The importance of reading comprehension in non-linguistic subjects cannot really be undermined. What differs here from the conventional strategies in comprehending linguistic passages is the emphasis on visualization. Non-linguistic representations enhance student’s ability to use mental images to represent and elaborate on knowledge. To elaborate, knowledge is stored in two forms-
1. Linguistic form (as language)
and 2. Non-lingualistic form (as mental images ad physical sensations)
The more individuals use both types of representations, the better they are able to reflect on and recall knowledge. Teachers usually present new knowledge in linguastic form, i.e. they either talk to students about new content or ask them to read about new content.

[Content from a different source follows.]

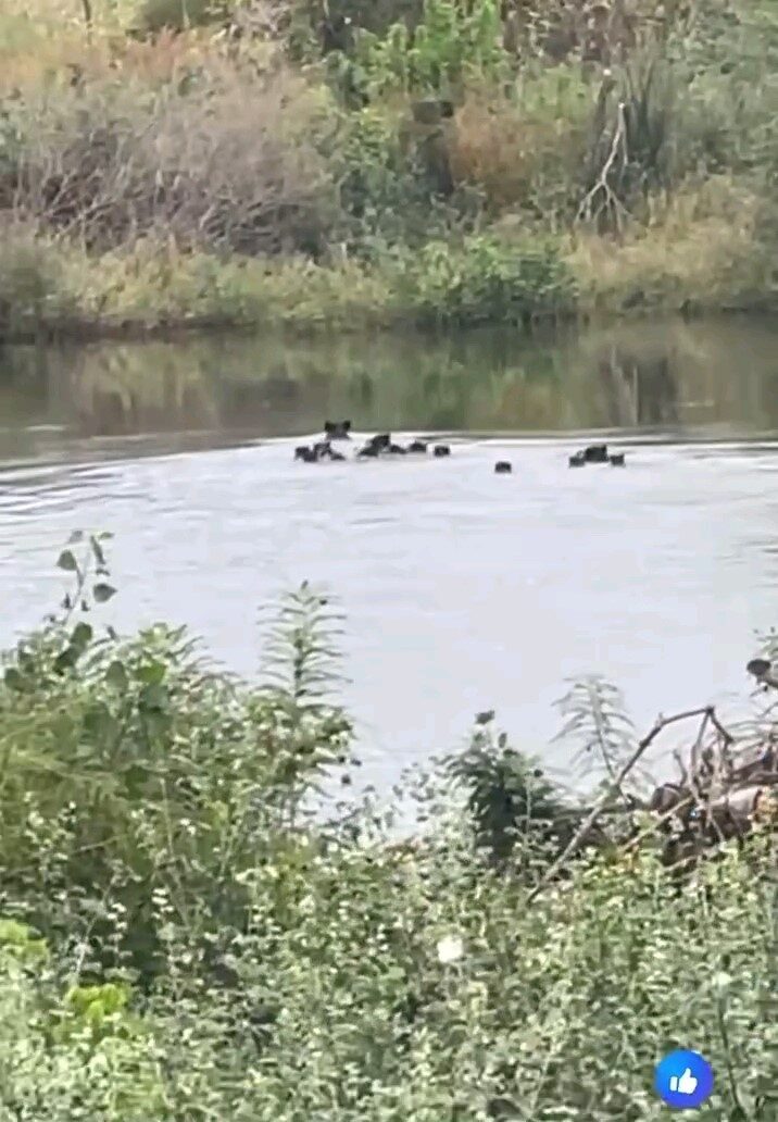 Görüntüleri çeken vatandaşlar, domuzların suyu geçiş anını hayranlıkla izlerken, bu doğal anlar adeta bir izleme etkinliğine dönüştü.

When teachers branch out of help students use non-lingualistic representations as well, the effects on achievement are strong because they tap into student’s natural tendency for visual image processing, helping them to construct meaning of content and skills being learned and to recall it better late. For example, diagrams and models are used in mathematics and science to help represent phenomena that students cannot observe, such as the arrangement of atoms in molecule and how that arrangement changes during an interaction. In other subjects, students can use non-lingualistic representations such as graphic organisers to organize information into a conceptual framework. The ultimate goal for using these strategies is to produce non-lingualistic representations in the minds of students, so they are better able to process, organize and retrive information from memory.